# Data preprocessing

This notebook handles all the data preparation and storage needed for the analysis. We decided to separate the analysis into multiple notebooks in order to make the report more readable

## Imports, constants and utilitary functions

In [1]:
import pandas as pd
import numpy as np
import gzip

In [2]:
DATA_DIR = 'data/'

In [3]:
##### Functions for reading and parsing files #####

def parse(path):
    g = gzip.open(path, 'rb')
    for l in g:
        yield eval(l)

def getDF(path):
    i = 0
    df = {}
    for d in parse(path):
        df[i] = d
        i += 1
    return pd.DataFrame.from_dict(df, orient='index')

In [4]:
##### Functions related to the DataFrames directly #####

def df_with_datetime(df, col_name='datetime', out_format=None):
    if out_format:
        df[col_name] = pd.to_datetime(df['unixReviewTime'], unit='s').dt.strftime(out_format)
    else:
        df[col_name] = pd.to_datetime(df['unixReviewTime'], unit='s')
        
    return df

## Data collection and storage

The first task is to task is to collect data from Amazon, organise this data and store it in a ready-to-use data format (pickes).

To achieve this, we do the following:
* Load the reviews data into dataframes
* Load the products metadata into dataframes
* Filter the reviews and products to only keep products considered "healthy"
* Merge the metadata and the reviews into a single dataframe
* Store the dataframe in the picke format

We decided to restrict our analysis by choosing reviews and products from the **Grocery and Gourmet Food** and **Sports and Outdoors** categories as these categories are more representative of healthy lifestyle than the others.


#### The Grocery and Gourmet Food category

We see that the different categories in the 'Grocery & Gourmet Food' file are not directly useful, because:
1. They are not directly telling us if the food is a healthy one or not
2. We see that a lot of reviews are about products that are not in a category (except for the main one 'Grocery & Gourmet Food')
    
In order to get the reviews related to a healthy product in this file, we can try the following: we could read the title (and/or description) of all products in the metadata and find the ones containing some keyword related to a healthy lifestyle (e.g. "organic", "natural", ...).

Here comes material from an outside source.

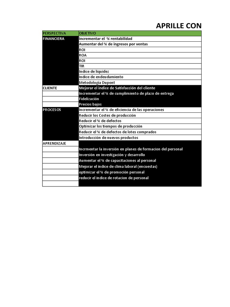 BALANCED SCORED CARD (DASHBOARD) APRILLE EVEN

Once we have those products, we can keep only the reviews about those products (using the 'asin' value).

#### The Sports and Outdoors category

The Sports and Outdoors file contains categories that seem easy to categorize into healthy (or not), e.g. 'Exercise & Fitness' or 'Cycling', plus the products seem to be in more precise categories (not like in the 'Grocery & Gourmet Food' file). Thus, in order to get all reviews about products related to an healthy lifestyle, we could take all the reviews about a product that is in one of the 'healthy' categories, and we can choose those healthy categories manually.

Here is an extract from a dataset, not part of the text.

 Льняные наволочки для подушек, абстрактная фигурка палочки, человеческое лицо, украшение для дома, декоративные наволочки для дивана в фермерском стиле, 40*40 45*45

### Load the data into pandas dataframes

Given the amount of data to treat, we do the computations sequentially (file by file)

In [5]:
METADATA_TO_KEEP = ['asin', 'title', 'categories', 'price']
REVIEWS_DATA_TO_KEEP = ['asin', 'overall', 'reviewText', 'datetime']
HEALTHY_FOOD_KEYWORDS = ['organic', 'natural', 'sugar-free', 'healthy', 'vitamin',
                        'supplement', 'minerals', 'diet', 'vegan']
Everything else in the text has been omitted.